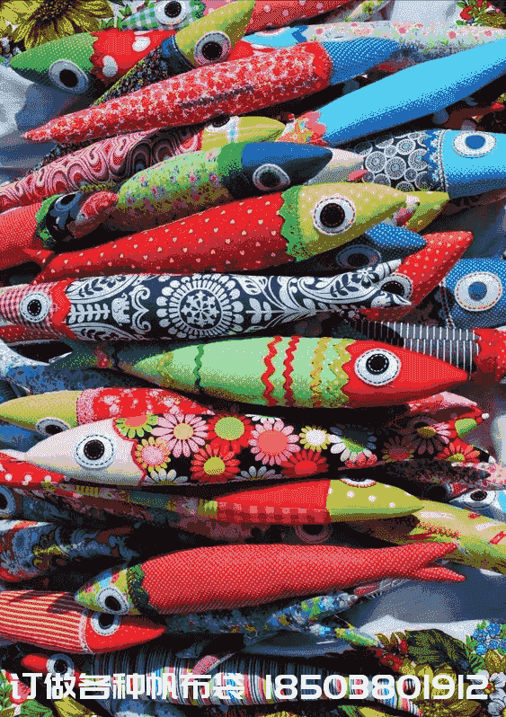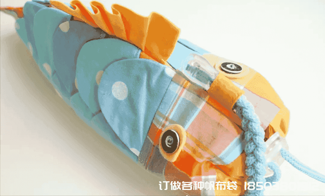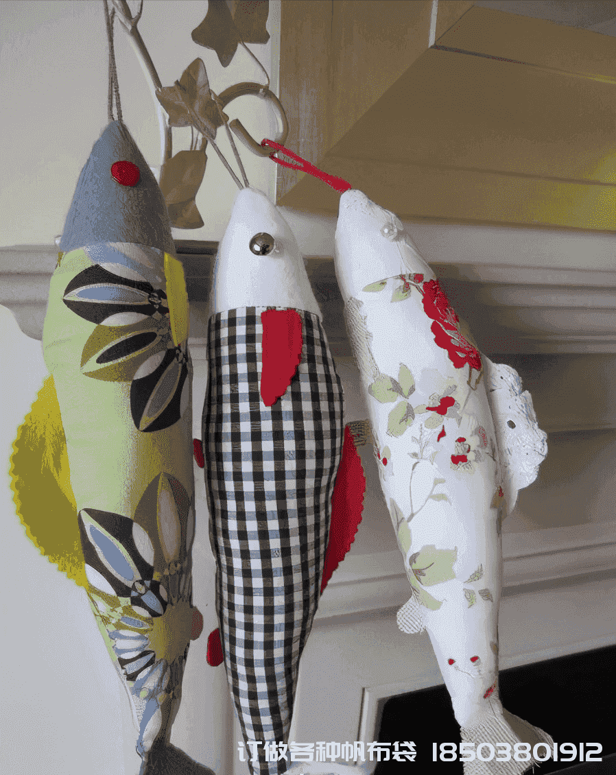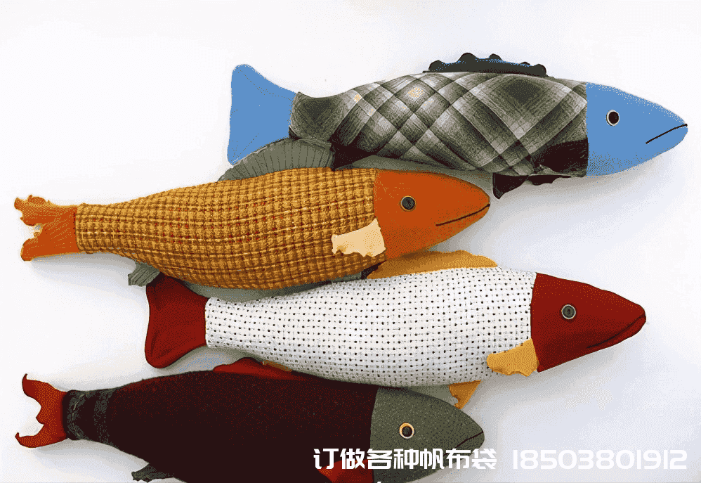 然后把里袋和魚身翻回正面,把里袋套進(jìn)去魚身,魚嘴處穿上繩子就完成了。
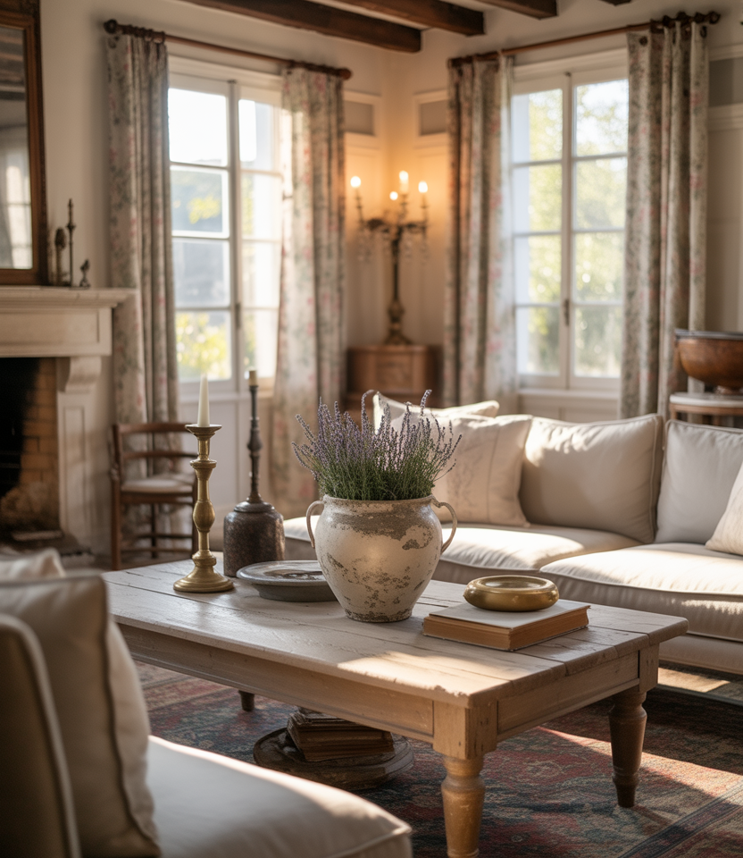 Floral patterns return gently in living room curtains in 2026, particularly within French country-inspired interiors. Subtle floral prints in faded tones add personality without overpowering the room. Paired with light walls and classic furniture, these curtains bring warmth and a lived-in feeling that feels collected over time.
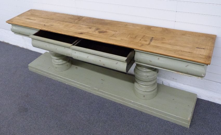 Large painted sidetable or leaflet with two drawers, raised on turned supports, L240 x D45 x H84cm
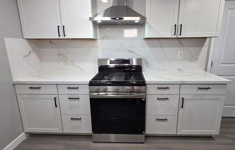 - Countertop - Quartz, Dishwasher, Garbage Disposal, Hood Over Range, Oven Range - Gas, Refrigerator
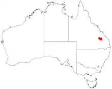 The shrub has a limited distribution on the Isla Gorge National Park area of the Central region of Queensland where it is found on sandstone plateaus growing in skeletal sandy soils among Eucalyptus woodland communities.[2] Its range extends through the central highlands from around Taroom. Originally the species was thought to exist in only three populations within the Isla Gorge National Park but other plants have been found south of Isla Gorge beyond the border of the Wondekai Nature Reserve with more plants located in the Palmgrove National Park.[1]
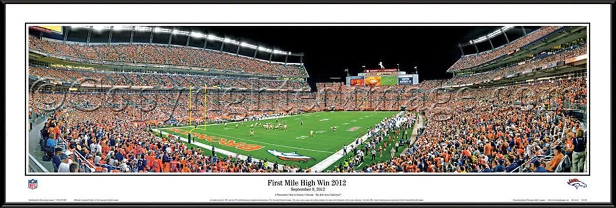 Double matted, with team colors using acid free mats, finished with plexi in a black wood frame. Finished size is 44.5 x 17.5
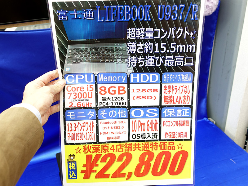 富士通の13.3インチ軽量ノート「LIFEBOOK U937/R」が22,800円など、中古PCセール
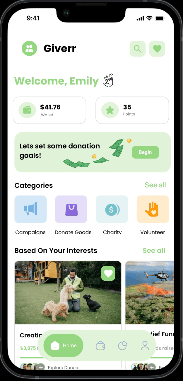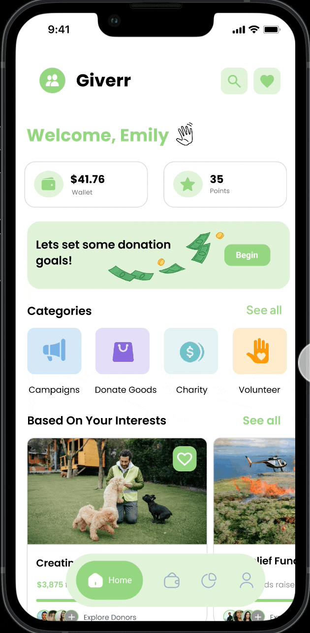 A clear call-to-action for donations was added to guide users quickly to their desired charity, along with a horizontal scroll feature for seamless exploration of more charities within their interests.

□ □ □ □

• _Work order_: Please reproduce the entries above exactly, from their first line to the line holding "Floral patterns return" inclusive, and nothing else; the pictures stay out.

• _Exercise result_:
 然后把里袋和魚身翻回正面,把里袋套進(jìn)去魚身,魚嘴處穿上繩子就完成了。
 Floral patterns return gently in living room curtains in 2026, particularly within French country-inspired interiors. Subtle floral prints in faded tones add personality without overpowering the room. Paired with light walls and classic furniture, these curtains bring warmth and a lived-in feeling that feels collected over time.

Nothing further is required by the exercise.